I posted on Facebook a few weeks back that I was happy to be short EUR/GBP heading in the ECB Interest Rate decision, and 2 weeks later I remain happy to be short.
As expected the ECB used their last meeting to introduce a host of policy measures aimed at stimulating the Euro zone economy. Such measures included negative interest rates and cheap long term loans to banks.
But the question is – what does this actually mean for the Euro?
Surprisingly these new measures are not directly Euro negative, but they are indirectly. Essentially the ECB has taken steps to increase the liquidity in the region in order to stimulate economic activity, which is actually a good thing. However, this is likely to lead to rising asset valuations and consequently reduce the region’s attractiveness to foreign investment.
The shift from net purchasers of Euros to net sellers will weigh on the single currency.
Furthermore, we cannot discount that investor sentiment towards the Euro has completely reversed since the ECB’s meeting on June 5th. Latest IMM Non-Commercial positioning data shows investors are net sellers. This may pose a short term obstacle for further declines, but this confirms investors have taken the ECB’s measures as currency bearish.
So the next question is – what is a good currency to buy against the Euro?
Recent news signal the Bank of England closer to tightening monetary policy that investor’s had originally anticipated. MPC members Carney, Weale and Mcafferty have all publicly declared their support for the prospect of raising rates earlier than forecast.
Interest rate hike expectations have steepened in recent weeks, and there is a high correlation between U.K Money Markets curve and the GBP.

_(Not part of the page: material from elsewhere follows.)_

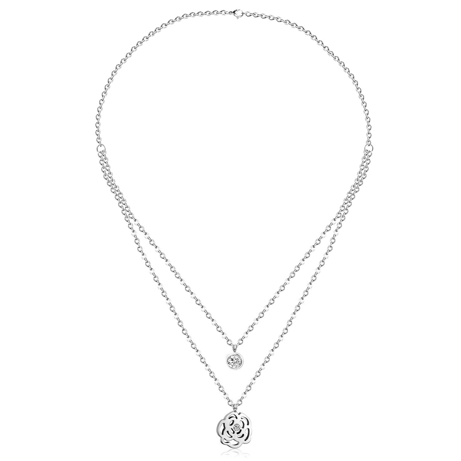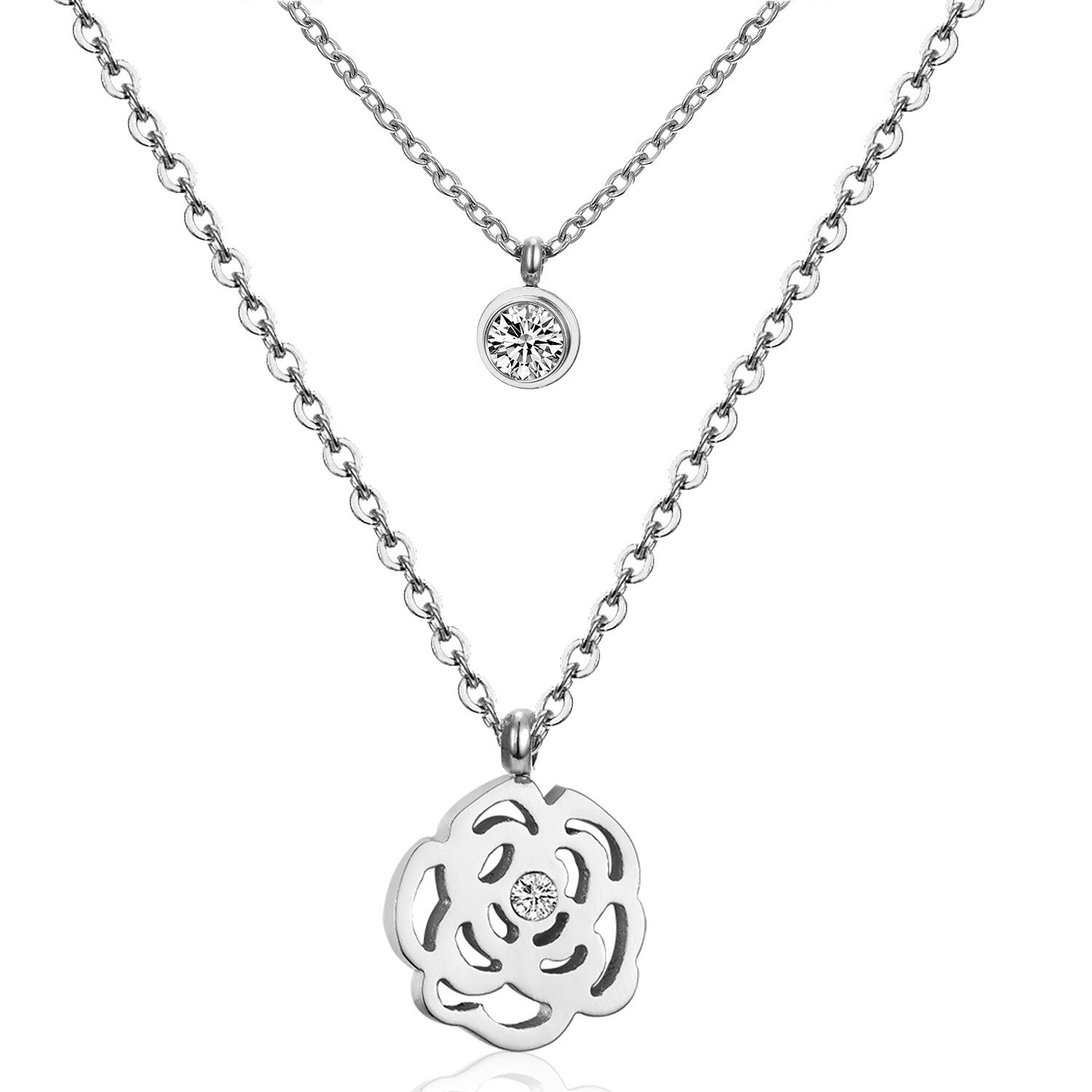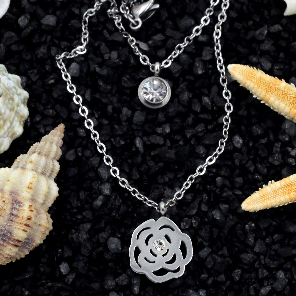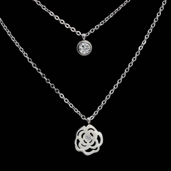 Ketting dubbel zilver met bloem en steentjes

At the same time U.K domestic data has shown signs of a broad based and sustained recovery fronted by a strong Manufacturing sector.
Technical Analysis
Our proprietary software and strategy gave us the latest short signal on 3rd June 2014. The software analyses market conditions and technical indicators on multiple time frames and produces bias.
Conclusion
There is a strong argument that suggests GBP will outperform the Euro as central bank monetary policy developments and investment environment diverge.
If we consider the bearish signal from our proprietary software we have both fundamental and technical justification for our short EUR/GBP bias.